As high-power projects increase globally, the expansion of facilities like Homer demonstrates how electricity markets must quantify risk, forecast demand, and price reliable energy. Tech founder and researcher Neel Somani approaches these questions with an analytical eye. From a market design perspective, major generation investments are evaluated using stacked economic models that combine probabilistic forecasting, dispatch optimization, and discounted cash flow projections. Developers and investors heavily rely on production cost modeling frameworks, which simulate unit commitment and dispatch over several years to estimate expected energy margins under load variability and random fuel prices.
Somani has emphasized that these models increasingly resemble those used in quantitative finance: scenario trees, Monte Carlo simulations, and sensitivity testing, which now underpin how developers assess if capacity expansion is viable. Generation investment decisions rarely hinge on a single forecast; instead, they depend on probabilistic distributions across multiple price trajectories.
Computational Demand Reshapes Baseload Assumptions
One of the most consequential inputs into current modeling cycles is the rapid growth of computational demand. AI training clusters, data centers, and blockchain infrastructure are changing assumptions about baseload consumption, which has historically followed industrial growth patterns. Somani’s other research often highlights how complex systems behave under nonlinear growth. In power markets, incremental computational load does not simply scale demand linearly. It introduces volatility that’s tied to geographic clustering, cooling requirements, and curtailment flexibility.
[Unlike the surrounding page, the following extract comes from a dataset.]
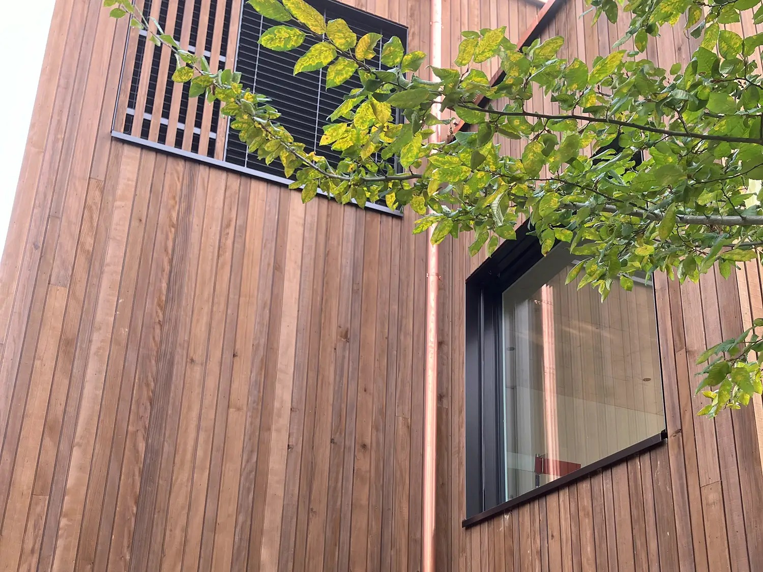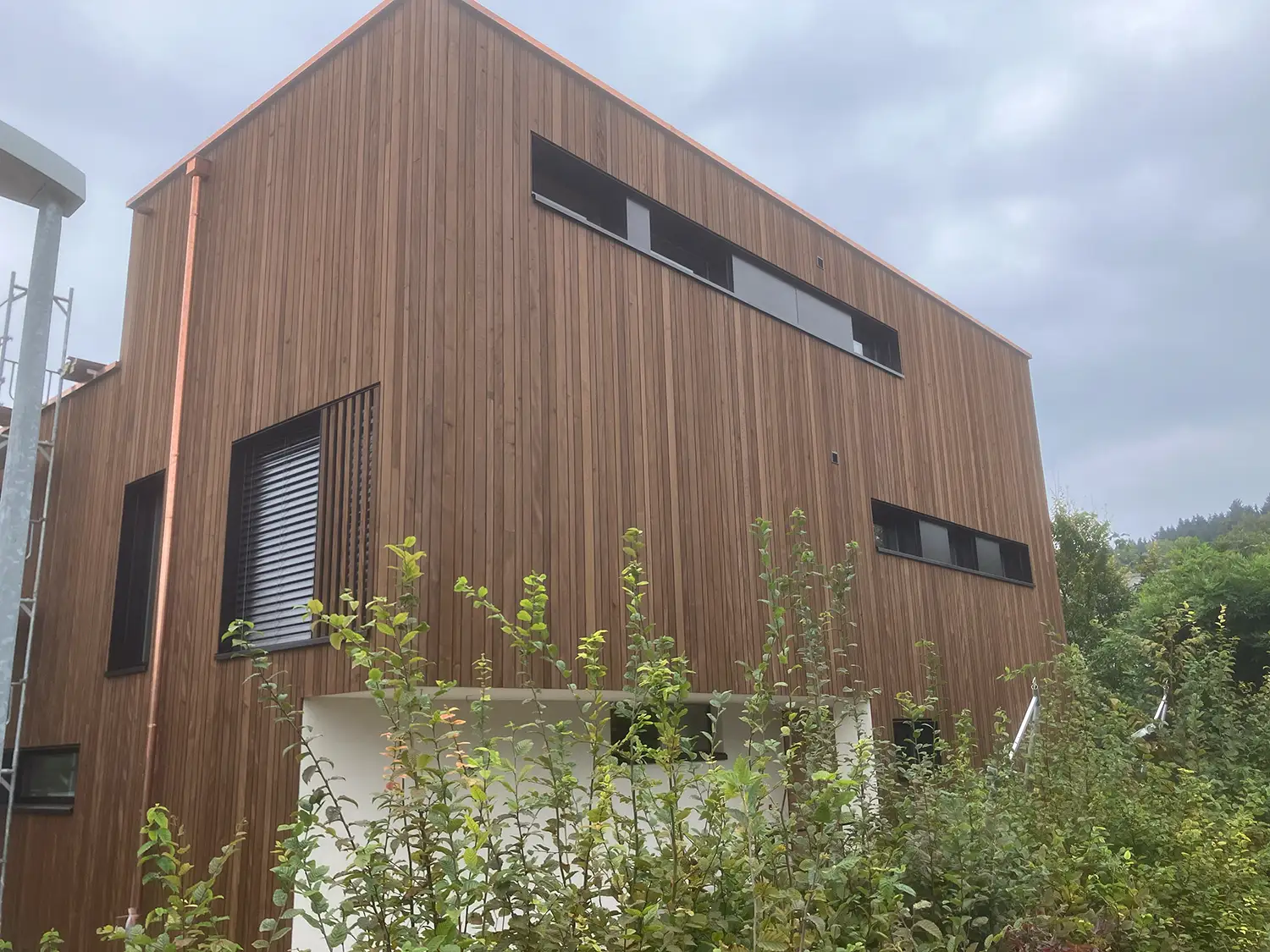 - Holzfassade mit druckimprägniertem Schweizer Weisstannen-Holz

Forward curves now increasingly incorporate scenario-based projections of AI-driven consumption, with planners modeling loads that extend peak periods and compress reserve margins. Watching how transmission operators revise long-term load forecasts may offer insight into where new capacity investments are likely to cluster.
Capacity Markets and Reliable Pricing Mechanisms
Capacity markets remain central to ensuring adequate long-term supply. In organized markets such as PJM and ISO-NE, forward capacity auctions compensate generators not only for the energy delivered but also for being available even during events that stress the system. This effectively hedges reliability risk by assigning money to reserve margins.
Somani’s analytical lens suggests capacity constructs function similarly to insurance: they price rare scenarios in which energy-only markets would fail to attract sufficient investment. The Homer expansion highlights how developers integrate capacity revenues into long-run marginal cost (LRMC) models, often bridging gaps that energy market revenues alone would not justify.
Regulatory Uncertainty and Infrastructure Allocation
Investors evaluating large-scale projects must simultaneously consider evolving decarbonization mandates, interconnection bottlenecks, and market design reforms. Regulatory risk is typically embedded in weighted average cost of capital (WACC) assumptions, which reflect uncertainty in environmental compliance costs and timelines.
Neel Somani has often argued that infrastructure investment cycles depend as much on institutional clarity as on whether it’s feasible for engineering. You can see this reflected in how developers hedge their policies through diversified asset portfolios spanning thermal, renewable, and hybrid energy sources.
A Market Under Transition
Ultimately, the economics of the Homer power expansion demonstrate a greater shift underway in global electricity systems. Expansion decisions are increasingly hinging on modeling frameworks that integrate computational demand growth, evolving reliability constructs, and regulatory uncertainty.
Understanding these dynamics means viewing power markets as adaptive systems shaped by compute-heavy industries. As AI workloads and blockchain use grow, the question becomes about how quickly economic models will be able to keep pace.